A UNIX shell is an environment from which to call UNIX tools (and manipulate files and processes) with a language to sequence those calls. It is NOT a tool to manipulate text.
The standard UNIX tool to manipulate text is awk:
$ cat tst.awk
BEGIN {
numFlds=split("name BIRTH_DATE BIRTH_CITY SEX EMPLOYER SALARY MARRIED timestamp",nr2name)
FS=OFS=","
}
$1 != "" {
prtRec()
rec["name"] = $1
rec["timestamp"] = $2
next
}
{ rec[$6] = $7 }
END { prtRec() }
function prtRec( fldNr) {
if ( ((rec["BIRTH_DATE"] != "") && (rec["BIRTH_CITY"] != "")) ||
((rec["EMPLOYER"] != "") && (rec["SALARY"] != "")) ) {
for (fldNr=1; fldNr<=numFlds; fldNr++) {
printf "%s%s", rec[nr2name[fldNr]], (fldNr<numFlds ? OFS : ORS)
}
}
delete rec
}
$ awk -f tst.awk file
John Smith,1985-02-16,Portland,Male,Microsoft,,Yes,2017-03-03 11:56:02
Susan Anderson,1981-09-12,San Diego,Female,Facebook,5612,No,2017-03-01 12:09:36
Sarah Wilson,,Miami,Female,Disney,5110,Yes,2017-02-28 16:21:39
Any time you have records consisting of name+value data like you do, the approach that results in by far the simplest, clearest, most robust, and easiest to enhance/debug code is to first populate an array (rec[] above) containing the values indexed by the names. Once you have that array it's trivial to print and/or manipulate the contents by their names.

Use awk or something like
while IFS=, read -r name timestamp action f_id f_name f_value nr_fields; do
if [ -n "${name}" ]; then
# proces startrecord, store the fields you need for the next line
else
# process next record
fi
done < test.txt

awk to the rescue!
awk -F, 'function pr(a) {if(!(7 in a && 8 in a)) a[7]=a[8]="";
if(!(1 in a && 2 in a)) a[1]=a[2]="";
for(i=0;i<=10;i++) printf "%s,",a[i];
printf "%s\n", a["ts"]}
NR>1 && $1!="" {pr(a); delete a}
$1!="" {a[0]=$1; a["ts"]=$2}
$1=="" {a[$5]=$7}
END {pr(a)}' file
this should cover the general case, and conditioned fields. You may want to filter out the other fields you don't need.
This will print for your input
John Smith,1985-02-16,Portland,Male,,Seattle,,,,Yes,,2017-03-03 11:56:02
Susan Anderson,1981-09-12,San Diego,Female,,Palo Alto,,Facebook,5612,No,5107586290,2017-03-01 12:09:36
Brad Bradly,,,Male,,,,,,No,,2017-02-29 09:15:12
Sarah Wilson,,,Female,,,,Disney,5110,Yes,,2017-02-28 16:21:39

Avoid IFS hacks like the plague.
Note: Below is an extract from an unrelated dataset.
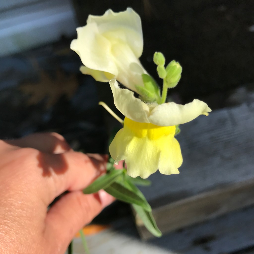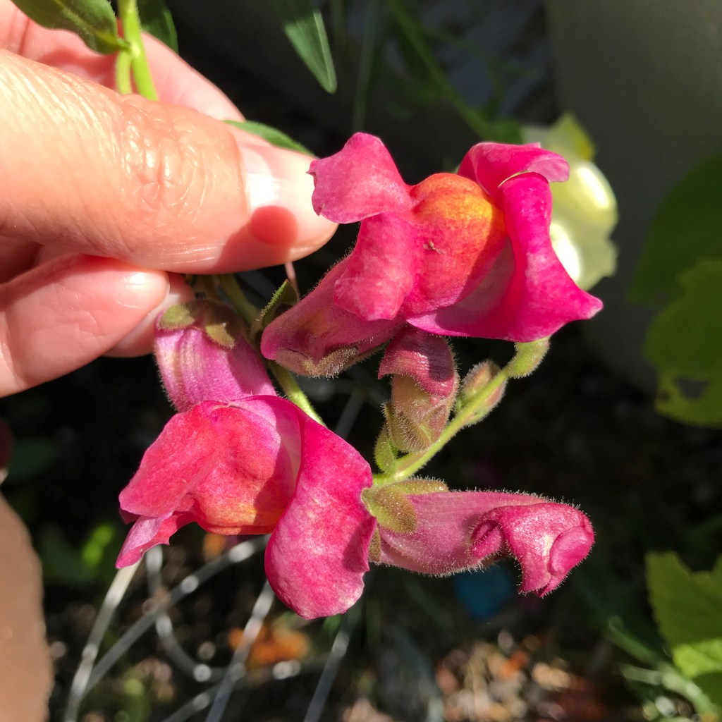 Many of our ‘plans’ didn’t come together because we’ve been waiting on news of the store and finagling business accounts, etc and we’ve ignored the garden (but maybe as long as we can – those garlics have GOT to get in! But the deer have eaten all my beans, broccoli, and Fall snow peas though I could still pull my carrots and have Asian greens coming up, the Fall raspberries are still fruiting, and the Calendula are still blooming and seeding) in favor of attending to each other. And so far the Snapdragons are holding their own in stunning little colors, the Driskell mint is big and strong, and my Witch Hazel subtley bloomed while I wasn’t looking.
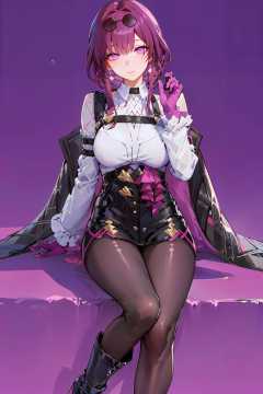 masterpiece, best quality, 1girl, official, purple eyes,  <lora:StarRail_Kafka_AP_v4:0.95>,black footwear, black pantyhose, purple gloves,simple background, pink and purple background, white background, purple theme,

They are ugly stuff.
Play with the -d option to read to specify the comma as delimiter.

Related

awk or other shell to convert delimited list into a table

So what I have is a huge csv akin to this:
Pool1,Shard1,Event1,10
Pool1,Shard1,Event2,20
Pool1,Shard2,Event1,30
Pool1,Shard2,Event4,40
Pool2,Shard1,Event3,50
etc
Which is not ealisy readable. Eith there being only 4 types of events I'm useing spreadsheets to convert this into the following:
Pool1,Shard1,10,20,,
Pool1,Shard2,30,,,40
Pool2,Shard1,,,50,
Only events are limited to 4, pools and shards can be indefinite really. But the events may be missing from the lines - not all pools/shards have all 4 events every day.
So I tried doing this within an awk in the shell script that gathers the csv in the first place, but I'm failing spectacuraly, no working code can even be shown since it's producing zero results.
Basically I tried sorting the CSV reading the first two fields of a row, comparing to previous row and if matching comparing the third field to a set array of event strings then storing the fouth field in a variable respective to the event, and one the first two fileds are not matching - finally print the whole line including variables.
Sorry for the one-liner, testing and experimenting directly in the command line. It's embarassing, it does nothing.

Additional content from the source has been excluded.